Lessons from history
When it comes to looking at the historical record, Baptists and Free Church Protestants have much to learn from the Christian tradition that predated the Reformation, Henry said.
Baptists are “inescapably marked by 1,500 years of Catholic doctrine, history and practice and yet unwilling to embrace Catholic ways uncritically,” he asserted.
Many central Baptist beliefs—such as the full deity and humanity of Christ and the doctrine of the Trinity—grow out of “the root stock of Catholicism,” he said.
As dissenters and nonconformists, Baptists need to understand from what they are dissenting and what they wish to reform, he added.
“To be a Baptist is to follow Christ faithfully in dissent from certain features of Roman Catholicism, while at the same time yearning always for the completion of reformation, so that all of Christ’s followers may serve and worship together,” Henry said.
Roman Catholic model
Furthermore, Baptists in general—and Baylor in particular—have much to learn from the Roman Catholic model of higher education, Henry insisted.
“Baptist intellectual life is a relatively late development in the Christian history; it is preceded by centuries of thoughtful Catholic reflection on the relation between the life of the mind and the life of faith,” he said.
“If Baptists want to think sensitively about the grace-filled beauty of creative and artistic expression, or the possibilities and limits of faithful citizenship, or the relation between faith and reason or nature and grace, or the ways in which human language is and is not capable of describing God, or the basis for human confidence in science as a means of understanding the world—all of these and so many other issues have a long history of thoughtful and articulate treatment within the Catholic tradition.”
So, the question comes full circle.
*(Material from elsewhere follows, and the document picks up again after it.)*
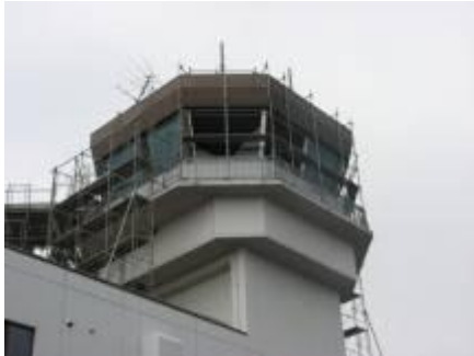
The tower with broken window

Our second pilot, Dr. Shioyasu, an AOPA-Japan pilot and a medical doctor (also an aviation medical examiner), flew from Honda Airport (near Tokyo) to Fukushima Airport (RJSP) filling his C210 cabin with precious cargo that could help to heal the injured and save lives. It was 20 th March, 9 days after the magnitude 9.0 earthquake rocked the whole country with 100 feet Tsunami over the coast line including Fukushima Nuclear Power Plant. When he landed at Fukushima, he noticed that the tower with broken window and found that controllers working on the 2 nd floor of the building without any view of the runway.

Should Baylor University model itself after Notre Dame? Not entirely and certainly not uncritically, said Baylor President John Lilley.
“I certainly respect the great reputation of Notre Dame, but I think Baylor should be allowed to grow in its own environment, with its own sense of identity,” Lilley said.
“I’m sure there are lessons at Notre Dame that we should learn and could use, but I think great institutions can develop their own benchmarks. It’s an overstatement to say we we’re trying to become the Notre Dame of the Southwest or the Notre Dame of Baptist life. We will go our own way and follow our own lights.”